В “Золотом шаре” хахаль-рецидивист, черноусый, как скарабей, и по кличке Саддам, вещал неторопливо: “Пьем, значить. Телки свалили куда-то. Мы за ними. Смотрим – в Шанхай, однако. Развалюхи, гетто значить. Короче, в будку – шасть мочалки наши. Смотрим, Сонька значить, голыми обмылками трясеть. Бабы распрягаются тоже и давай друг о дружку тереться. Экстаз, танцують, щупаються, визжать. Во! А ты говоришь, Сонька… А то Генка Коровин, только она заговняется, хрясь ее об перила: “Пойдешь с нами в сауну, и все дела. К такому-то, к такому-то шоб была”. Как миленькая прибежить. А ты че её – ё?” “А как же!” “Держи кардан, молочный братишка”.- Саддам с чувством пожал мне руку.

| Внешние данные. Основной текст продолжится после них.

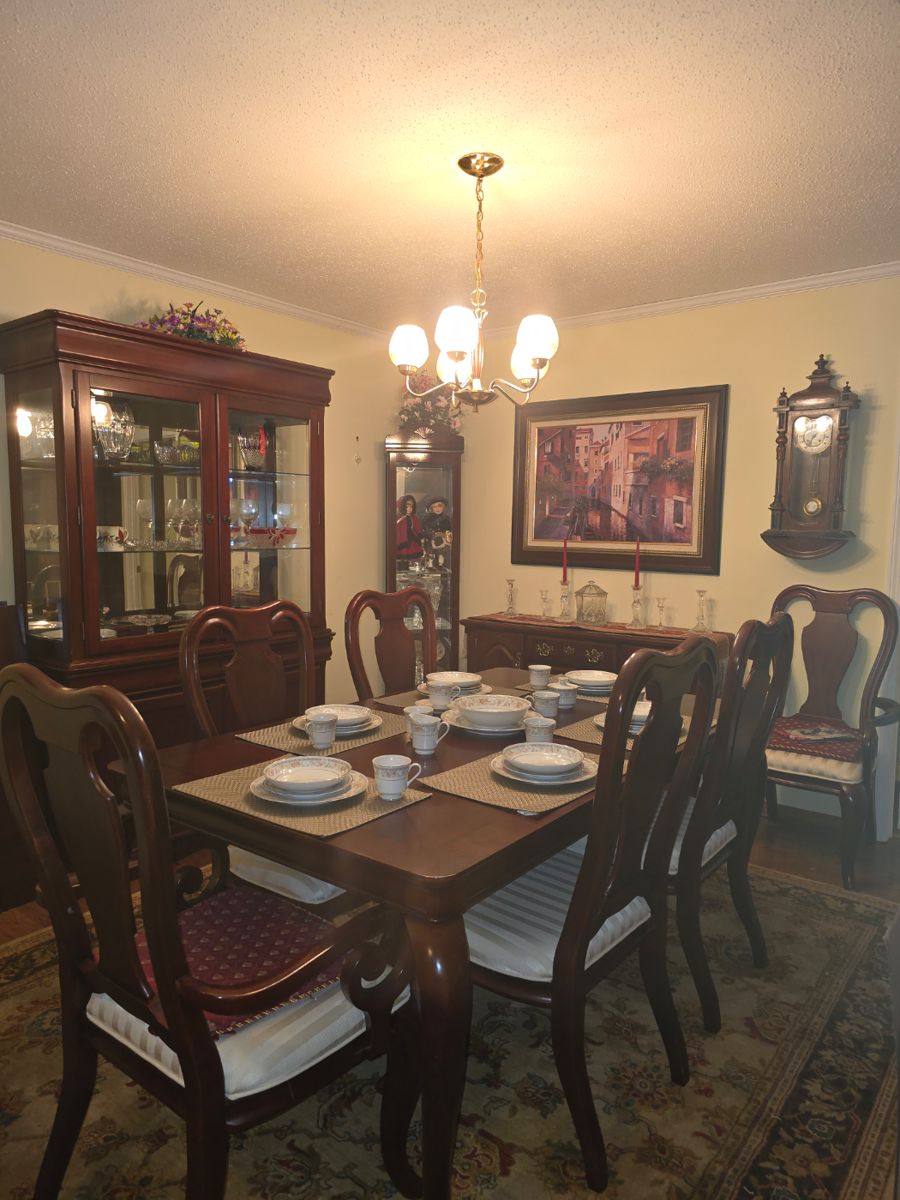 This sale offers a very nice China Cabinet & matching table with 6 chairs Universal Furniture sideboard Small lighted curio Waterford stemware Millennium collection Gorham Crystal Biscuit barrel Waterford Tara Candlesticks Area rugs Regulator wall clock Premiere Fine China - Japan Porcelan dolls Happy Holidays Nikko Christmas China Gray modern recliner Cast iron wiener dog door stop Lane Chippendale Coffee table and side table Brass table lamps Hand blown glass Gold toned overstuffed chair and a half Small roll top desk Patio set Mikasa Dinnerware Oak Hutch Oak Lions paw pedestal table Misc kitchen items, small appliances, pots and pans...

Сколько было потом скабрезно-заговорщических рукопожатий, словно в тайное братство любителей Соньки принимали. Я, в общем, что-то этакое предвидел, прозревал, но не в таких же масштабах.


Через день после моего разговора с Саддамом Софья вовсю клеймила лесбиянок и рассказывала душераздирающие истории, как ее пытались склонить к групповухе, а она героически этому противилась всем чистым сердцем, ногтями, зубами, каблуками и газовым пистолетом.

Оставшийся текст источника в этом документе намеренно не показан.